Data:

——

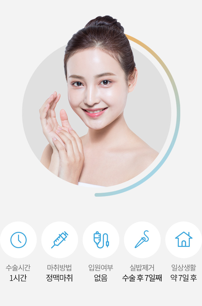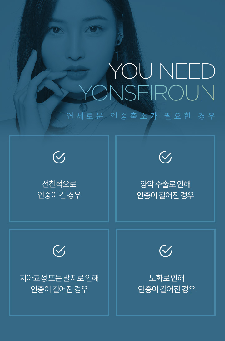 고전적인 인중축소 수술 방법에서 벗어나 흉터에 대한 만족도를 개선하고 근육층까지 절제하는 것이 아닌, 피부 속 깊은 스마스(SMAS)층까지만 당겨 자연스러움을 살린 연세로운성형외과의 인중축소 수술 방법입니다.
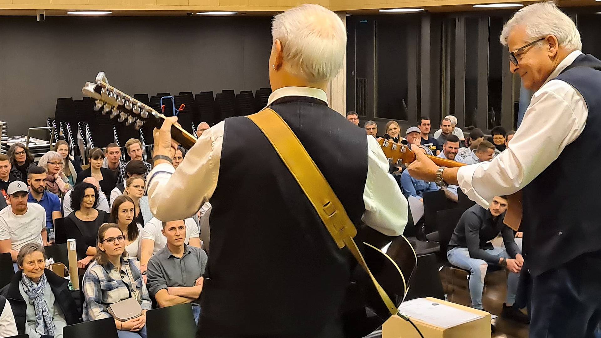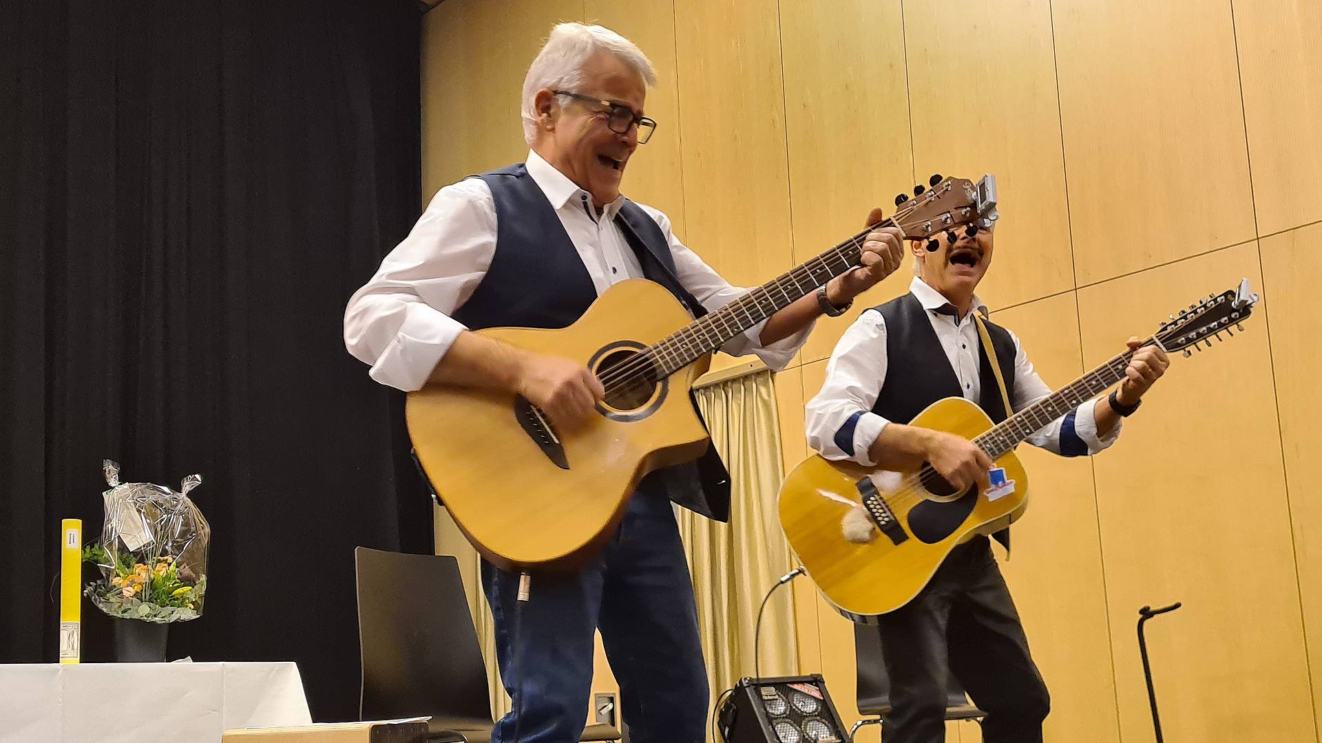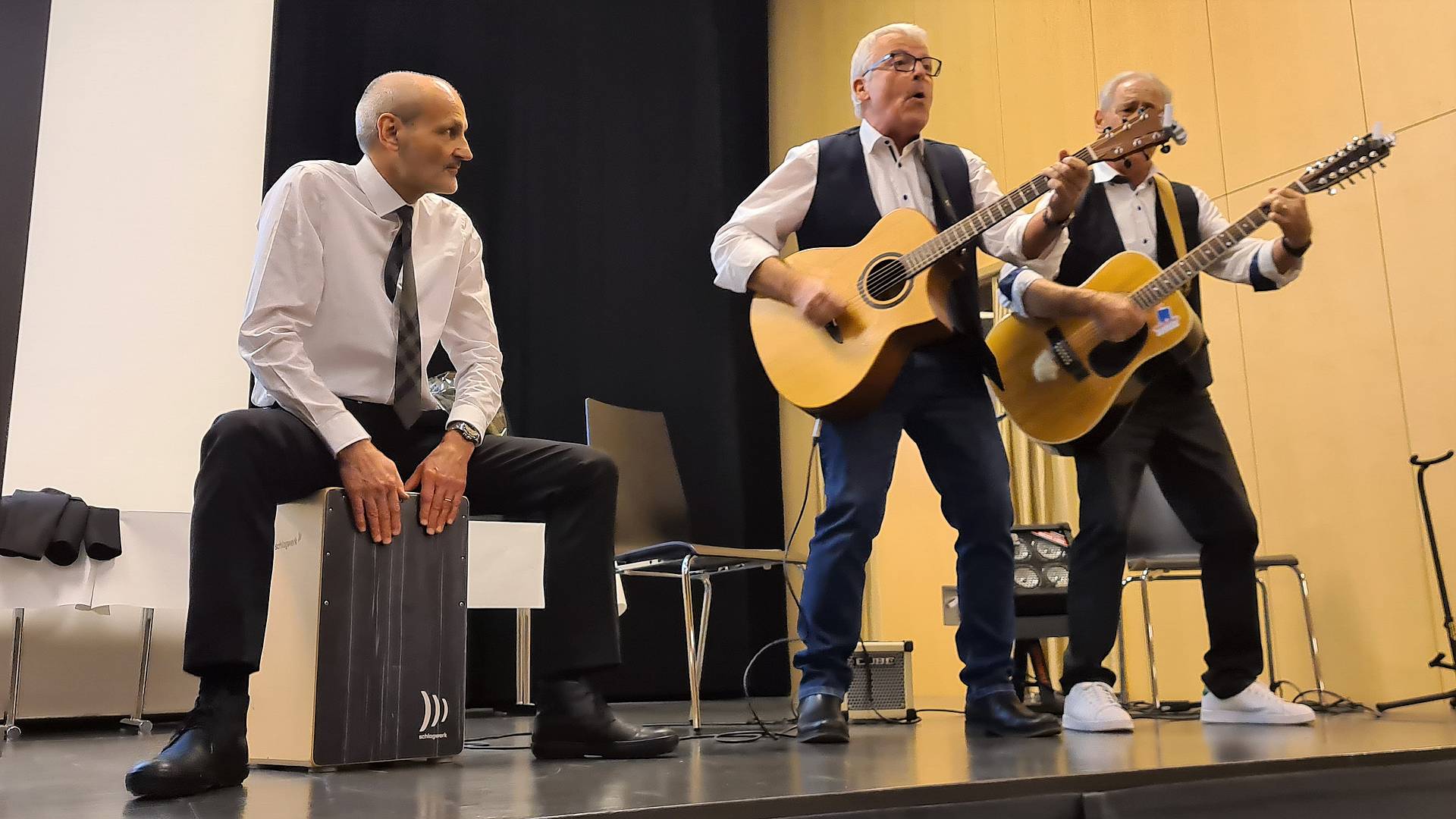 Apropos Rednerpult: Den kürzesten Auftritt am Mikrofon hatte Andreas Looser mit einem Satz. Er unterrichtet seit August 2004 an der Baukaderschule. «Sein grosses Engagement für den Berufsnachwuchs ist Ausdruck seines Berufsstolzes», sagte Bruno Mitterer und verlieh ihm den Ehrenpalier. «Dass ich noch Polier werde, hätte ich nie gedacht», sprach der gelernte Bauingenieur Andreas Looser unter Applaus zu den Anwesenden. Es wurde nicht zum letzten Mal geklatscht, denn der musikalische und stimmungsvolle Höhepunkt folgte noch mit dem spontanen Auftritt von Bruno Mitterer mit den SwissSingers.
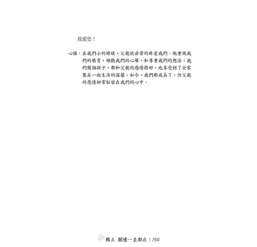 心語:在我們小的時候,父親就非常的疼愛我們。他重視我們的教育,傾聽我們的心聲,和尊重我們的想法;我們幾個孩子,都和父親的感情很好,也享受到了全家聚在一起生活的溫馨;如今,我們都成長了,但父親的恩情卻常駐留在我們的心中。

——

Exercise objective:
Retype the data in full. Images do not go in the copy.

Result for this task:
 고전적인 인중축소 수술 방법에서 벗어나 흉터에 대한 만족도를 개선하고 근육층까지 절제하는 것이 아닌, 피부 속 깊은 스마스(SMAS)층까지만 당겨 자연스러움을 살린 연세로운성형외과의 인중축소 수술 방법입니다.
 Apropos Rednerpult: Den kürzesten Auftritt am Mikrofon hatte Andreas Looser mit einem Satz. Er unterrichtet seit August 2004 an der Baukaderschule. «Sein grosses Engagement für den Berufsnachwuchs ist Ausdruck seines Berufsstolzes», sagte Bruno Mitterer und verlieh ihm den Ehrenpalier. «Dass ich noch Polier werde, hätte ich nie gedacht», sprach der gelernte Bauingenieur Andreas Looser unter Applaus zu den Anwesenden. Es wurde nicht zum letzten Mal geklatscht, denn der musikalische und stimmungsvolle Höhepunkt folgte noch mit dem spontanen Auftritt von Bruno Mitterer mit den SwissSingers.
 心語:在我們小的時候,父親就非常的疼愛我們。他重視我們的教育,傾聽我們的心聲,和尊重我們的想法;我們幾個孩子,都和父親的感情很好,也享受到了全家聚在一起生活的溫馨;如今,我們都成長了,但父親的恩情卻常駐留在我們的心中。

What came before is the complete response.